Brickbats
In London, England, the Ealing Council is spending $285,000 a year for plainclothes police officers to hunt down people who put their trash out too early.
Starting July 1, anyone wishing to buy beer in a Tennessee convenience store or supermarket has to show photo ID. In an effort to stamp out underage drinking, lawmakers have required that everyone—no matter how gray, bald, or wrinkled—must prove they are over 21. They say it will get clerks into the habit of routinely asking for ID.
One afternoon in Tangerang, an Indonesian state that has adopted Islamic law, a woman named Lilis was waiting for a taxi on her way home from work. That was enough for the Islamic police to stop her. When they couldn't reach her husband, they charged her with prostitution.
Evan Herzoff videotaped some Denver police officers as they were arresting someone else. A cop asked for Herzoff's ID. He produced his ID and asked Officer Jeffrey Morgan for his business card. "Let's take you to jail instead," Morgan responded. Police handcuffed Herzoff and took him to a cell, where he spent the night. A charge of trespass against Herzoff was later dismissed, and the city paid him $8,500 to settle a lawsuit.
Officials from Malaysia's Islamic Religious Department raided the home of truck driver Magendran Sababathy and seized his wife Najeera Farvinli Mohamed Jalali. Magendran is a Hindu and his wife a Muslim. They were married in a Hindu ceremony. But under Malaysia's Islamic law, anyone who marries a Muslim must convert to Islam and no Muslim may convert to another religion. Islamic authorities declared the marriage invalid and took the woman to a "rehabilitation center" to strengthen her faith.

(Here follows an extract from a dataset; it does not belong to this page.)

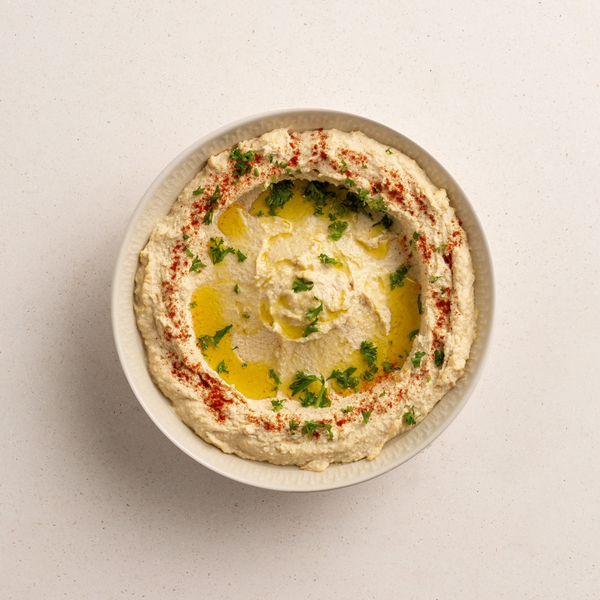 Kikherne 57% (Kanada), vesi, SEESAMSIEMENtahna 10%, rapsiöljy, sitruunamehu, merisuola, sokeri, juustokumina, mustapippuri, säilöntäaineet (sitruunahappo, kaliumsorbaatti).

U.S. Navy veteran David Miller has been hospitalized three times in the last two years for kidney stones in Iowa City's Veterans Medical Center. Miller, an Orthodox Jew, says the hospital would not serve him kosher food and refused to contact a rabbi who could bring him food he could eat. But that doesn't mean they neglected his religious views entirely: He says that hospital staff and chaplains repeatedly proselytized him in an attempt to get him to convert to Christianity. Some of these attempts, he reports, occurred while he was experiencing severe chest pain and was hooked up to a heart monitor.
Mamand Mamandy was visiting family in Iran when a police car happened to drive by a barbeque they were holding. The cops spotted Mamandy drinking beer, arrested him, and took him to a police station, where he received 130 lashes.
When staff at a Hasland, England, post office heard a noise from a package they were handling, they called the police. The police, in turn, closed off the area for an hour and a half while they blew up the parcel. The package turned out to contain chocolate and a vibrator.